Day Twelve, in words

On the Twelfth Day of Vacation, my true love gave to me…

  • Waking up to eighty-five-degree heat and approximately 100% humidity, next to the Colorado River. Ugh…but a beautiful, beautiful sunrise once again. (I’m seriously starting to wonder if there are ever any other kind.)
  • Sitting down to breakfast at the counter at Smittie’s Steak House, between a cowboy on one side and a couple of neo-hippies on the other. (This is so Moab.) Good coffee, good eggs, good sausage…and the world’s largest cinnamon roll. No, I’m not kidding: it literally is almost the size of your head; it occupies all of a standard 10″ dinner plate. I got it in a box to go, ate about a quarter of it, and gave the rest away…it’s a meal for four. Yum.
  • Stopping at a little turnoff, and finding someone who’s figured out how to sleep on the cheap in their truck. (See the picture above…) Oh, if only I could do that in my car. Unfortunately, bucket seats make such an experience profoundly uncomfortable.
  • Dead Horse Point State Park. (Apparently they used to herd wild horses out to this point, fence them off, capture the ones worth keeping…and leave the rest to die of thirst. Ahh, the good ol’ days.) This is definitely one of southern Utah’s overlooked attractions…the canyons are stunning, the river goosenecks through the whole park, and almost nobody comes out here. If you get a chance to camp here sometime, you won’t be disappointed.
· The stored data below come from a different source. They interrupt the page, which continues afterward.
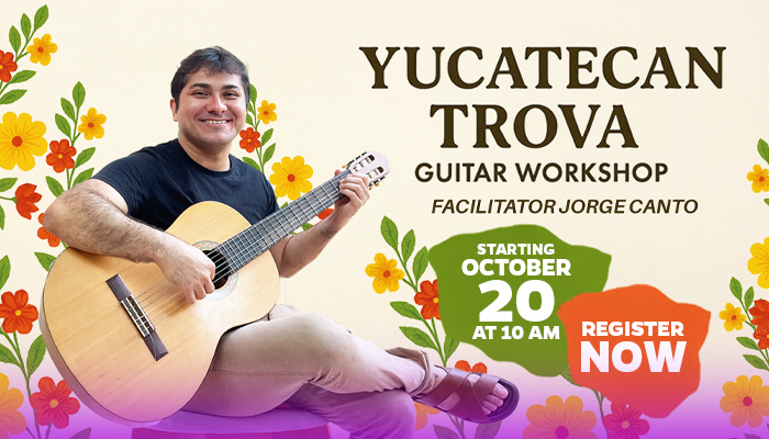 Trova is the most Yucatecan of all music styles, and musician Jorge Canto will present an eight-week, hands-on workshop that explores all the intricacies and history of this fascinating genre. The main objective of this workshop is for the guitar student to become familiar with and learn to play the five most important rhythms of Yucatecan Trova, and develop their capacity for musical appreciation, singing, and instrumental performance Each ninety-minute class will include conversation about the history of Trova including a review of the most important trovadores of Yucatán, and a practice session where you will put your new knowledge to use. The class will make extensive use of audio and video recordings and sheet music will be provided. Participants will need to bring a guitar, and a basic or intermediate skill is expected.
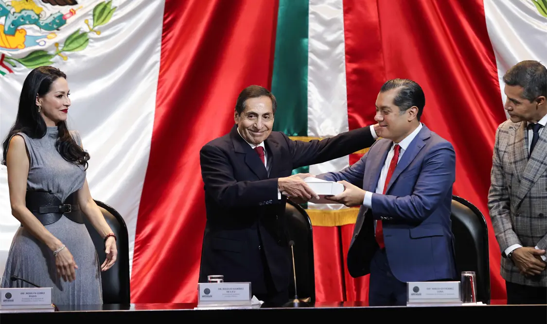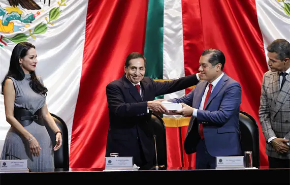 México.- El Secretario de Hacienda y Crédito Público, Rogelio Ramírez de la O, entregó el Paquete Económico 2025 al presidente de la Mesa Directiva, Sergio Gutiérrez.
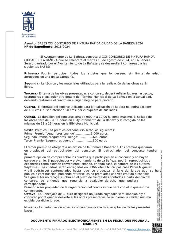 La Concejalía de Cultura del Ayuntamiento de La Bañeza acaba de publicar las bases del XXII Concurso de Pintura Rápida “Ciudad de La Bañeza”, un concurso que pintura que forma parte del programa de Fiestas Patronales en honor de Nuestra Señora de la Asunción y San Roque y, que como viene siendo tradición, se celebra durante el día 15 de agosto.

  • Seeing a car with stickers from my alma mater (MSU) all over it…fun to see, here, so far from where I went to school.
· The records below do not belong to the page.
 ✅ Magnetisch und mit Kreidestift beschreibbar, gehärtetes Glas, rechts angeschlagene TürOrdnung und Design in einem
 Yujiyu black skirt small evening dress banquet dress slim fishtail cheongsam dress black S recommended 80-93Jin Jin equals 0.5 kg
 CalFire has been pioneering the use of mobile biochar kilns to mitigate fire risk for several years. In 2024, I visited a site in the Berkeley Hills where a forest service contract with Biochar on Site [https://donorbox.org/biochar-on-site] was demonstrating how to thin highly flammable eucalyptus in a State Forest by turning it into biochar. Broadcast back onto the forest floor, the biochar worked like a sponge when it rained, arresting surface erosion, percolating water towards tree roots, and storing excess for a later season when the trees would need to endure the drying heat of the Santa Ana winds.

  • Canyonlands National Park. Southern Utah is one of the most beautiful places in the entire Southwest, and it’s packed with well-known national parks: Zion, Bryce Canyon, and Arches are the best-known, but there’s also the Glen Canyon National Recreation Area and others. Canyonlands is one of the least-visited parks, which is one of the reasons it’s so great…the canyons are every bit as impressive as the other parks, but the fact that you can go anywhere and do anything without running into thousands of people just makes it all the better. Having said that, this is a place to do things, not just look from the road…I really wished I had more time here. It’s a place to take off for a few days, or a week, and go hiking out in the backcountry, up and down the canyons.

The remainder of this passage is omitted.